# More Wolves for Arizona



## Glenwhey (Jun 3, 2021)

Next thing you know, they'll be getting helicopters to kill 'em.

Six Mexican Wolf Cross-Fosters Hit Major Milestone - ThinkingAfield.org


----------



## kiyote (Jun 15, 2014)

one can only hope !

one plus of wolves though is they kill coyotes.

secure the border!


----------



## youngdon (Mar 10, 2010)

That’s a good read Glen. It’s troubling to me that they are still putting on this charade.


----------



## hassell (Feb 9, 2010)

Totally agree on that point.


----------



## knapper (Feb 5, 2010)

I have a good wolf story on them at Prince of Wales Island that contunues even now if you want to hear a long one. Let me know.


----------



## kiyote (Jun 15, 2014)

spin us a tale.


----------



## Glenwhey (Jun 3, 2021)

Not a fan of introducing more wolves to the equation. For example, in the far reaches of Michigan is Isle Royale National Park where an over-population of moose is problematic. The solution: Import wolves to the island to kill them all. These same wolves had already wiped out a population of caribou in Canada, so we took the Canadian problem and made it our own.

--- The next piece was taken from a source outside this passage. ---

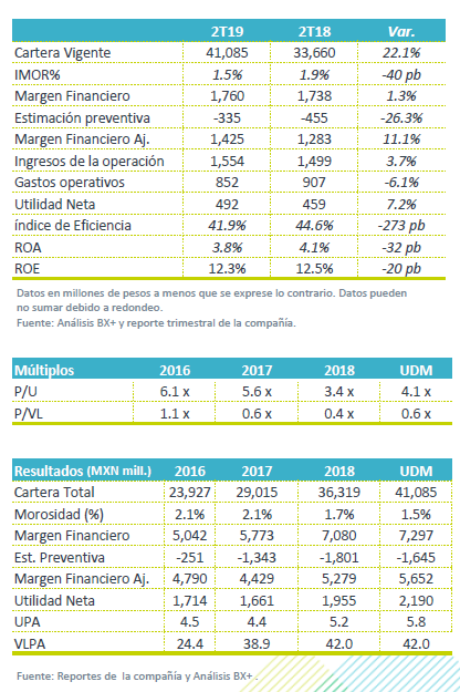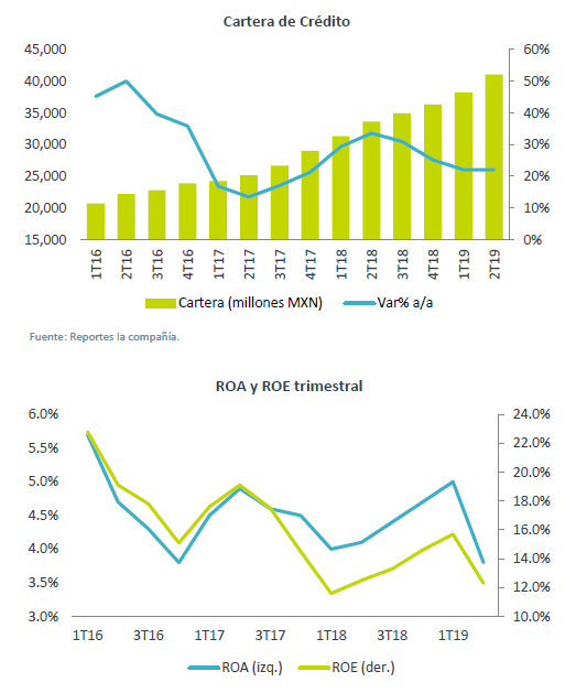 Buen desempeño de la cartera de crédito – La cartera de crédito mantuvo un buen ritmo de crecimiento (+22.1% a/a), en donde destacó el incremento en nómina (64.9% de la cartera) de 17.4% a/a, impulsado por el segmento de pensionados. Por su parte, Pymes (12.8% de la cartera) creció a una tasa de 82.4% a/a. Cabe decir que este crecimiento se logró disminuyendo la morosidad (0.5% 2T19 vs 0.8% 2T18). Lo anterior contribuyó a contrarrestar el débil incremento en Instacredit (11.4% de la cartera).

Hmmm. Just think what a band of qualitied hunters could do instead, while bringing in the money to do it.


----------



## kiyote (Jun 15, 2014)

I can not even imagine how prosperous all could be if the world wasn't run by fools!


----------



## youngdon (Mar 10, 2010)

I’ll applaud the joint effort of the AZGFD and the NPS on finding a beneficial to all solution to the overpopulation of Buffalo on the north Kaibab and north rim of the Grand Canyon.


----------



## Glenwhey (Jun 3, 2021)

That's what I'm talking about. People would pay good money - and always have - for unique hunting opportunities. An example of paying to play being a good thing.


----------



## knapper (Feb 5, 2010)

I have been hunting on Prince of Wales Island of ath last couple of years and the place I stay , the owner traps wolves in the winter, he got several the year be fore we were there and was telling this to us. One person on the Island knows how to trap wolves and has gotten quite a few of them. The year before he did well and the fish and game figured there were 126 or so on the island. The fortest is quied dense and hard to move through the deer population is good and the hunting is quite good. The greenies think that the population is too low for the wolves and want the numbers higher. That season when the number was totaled up the number taken was 122. That is a big number to take and there is no good way to really tell numbers very well in that size of area and know for sure. The Island is the third largest in the country and has over a thausand miles of roads mostly lane and half gravel. No fuel in over a hundred miles or more and no one living in cabins because it all part in the north of Tongass national forest. The first time we were there two of the deer hunters say a wolf and if that that was the case there were only four left then they would never have seen one at all. The following year the owner of the lodge, got three and that meant there were only one left and they shorted the season last year to start in December. Last fall one was shot by a bear hunter and he didn't know the season hasd been changed, so he was in trouble. With no wolves left on the Island they still have a wolf season. The know it all folks want to stop all wolf hunting and make it an indangered wolf area.


----------



## youngdon (Mar 10, 2010)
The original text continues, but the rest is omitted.